Let $G$ be a finite group, $F$ a field of characteristic $0$ or of relatively prime to $|G|$.

Let $\rho:G\rightarrow {\rm GL}_n(F)$ be an irreducible representation of $G$.

Extend $\rho$ to algebra homomorphism $\rho_1:F[G]\rightarrow M_n(F)$.

(*) If $F$ is algebraically closed then $\rho_1$ is surjective..

(**) If $F$ is not algebraically closed, then $\rho_1(F[G])$ is not necessarily $M_n(F)$ but it is certainly a subspace of $M_n(F)$.

Example: Let $\rho:\langle x:x^4\rangle\rightarrow {\rm GL}_2(\mathbb{Q})$ be given by $$\rho(x)=\begin{bmatrix} 0 & 1\\ -1 & 0\end{bmatrix}.$$ We can see that $\rho(1)=I, \rho(x^2)=-I$ and $\rho(x^3)=-\rho(x)$. Thus, among the images of $\rho$,only $\rho(1)$ and $\rho(x)$ are independent in $M_2(\mathbb{Q})$, and so spans a subspace of dimension $2$ in $M_2(\mathbb{Q})$.

This forced me to think about: What this $2$ has to do with $G=\langle x:x^4=1\rangle$?

To state question:

If $\rho_1(F[G])$ is proper subspace of $M_n(F)$, how is its dimension is related to group $G$? Is this dimension of image of $F[G]$ well studied for irreducible representations?
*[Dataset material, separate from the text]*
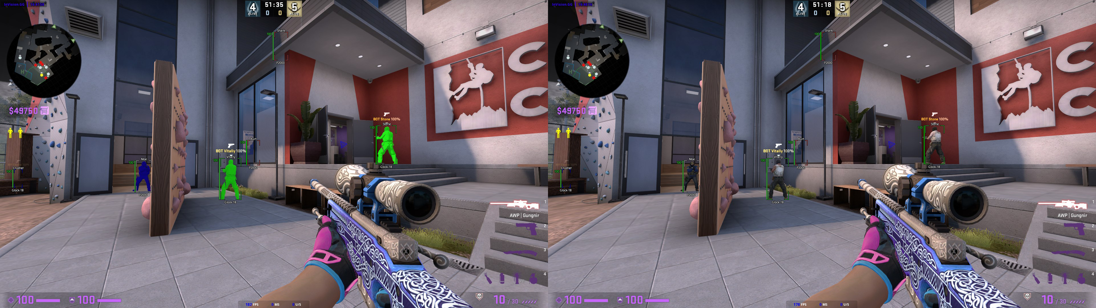 'Streamproof Visuals' is a feature to make the visual effects of a CSGO cheat invisible for your broadcaster software. As a result, features from the ESP/Wallhack or even the menu are not visible to your viewers, although they are still visible to you. This is especially useful if you want to create video recordings or live streams where you don't want the cheat to be visible. Streaming services like Twitch.tv, for example, prohibit playing with cheats and using this feature can minimize the risk of being banned.

In this case we have the dimension of the second $4$th cyclotomic polynomial $\Phi_4(X)=X^2+1$. For cyclic groups of order $n$, one can construct a representation with dimension is the degree of the $k$th cyclotomic polynomial for any $k|n$. This follows from factoring $$X^n-1=\prod_{k|n}\Phi_k(X).$$
In the case at hand, observe that $$\mathbb{Q}G\cong\mathbb{Q}[X]/(X^4-1)\cong\mathbb{Q}[X]/(X-1)\oplus\mathbb{Q}[X]/(X+1)\oplus\mathbb{Q}[X]/(X^2+1),$$ where the last isomorphism is the Chinese remainder theorem. The representation in question is obtained by letting $x\in G$ act on the last factor by multipication by $X$. It is two dimensional because $\deg(X^2+1)=2$. (The other two representations of this group are one dimensional with $x$ acting $\pm1$ and come from the other two factors.)
Observe that when $G=\langle x\mid x^3=1\rangle$, then $$\mathbb{Q}G\cong\mathbb{Q}[X]/(X^3-1)\cong\mathbb{Q}[X]/(X-1)\oplus\mathbb{Q}[X]/(X^2+X+1).$$ Let $G$ act on the last factor $V=\mathbb{Q}[X]/(X^2+X+1)$ so that the generator acts by left multiplication by $X$. A basis for $V$ is $\{1,X\}$ and $X^2=-X-1$, so the matrix for left multiplication by $X$ is $$\rho(x)= \begin{bmatrix}0&-1\\1&-1\end{bmatrix}.$$ Sure enough, $$\rho(x^2)=\begin{bmatrix}-1&1\\-1&0\end{bmatrix}=-\rho(x)-\rho(1),$$ and $\rho(x^3)=I$. Hence, we have obtained a two dimensional representation of $G$, the dimension corresponding to the degree of $\Phi_3(X)=X^2+X+1$.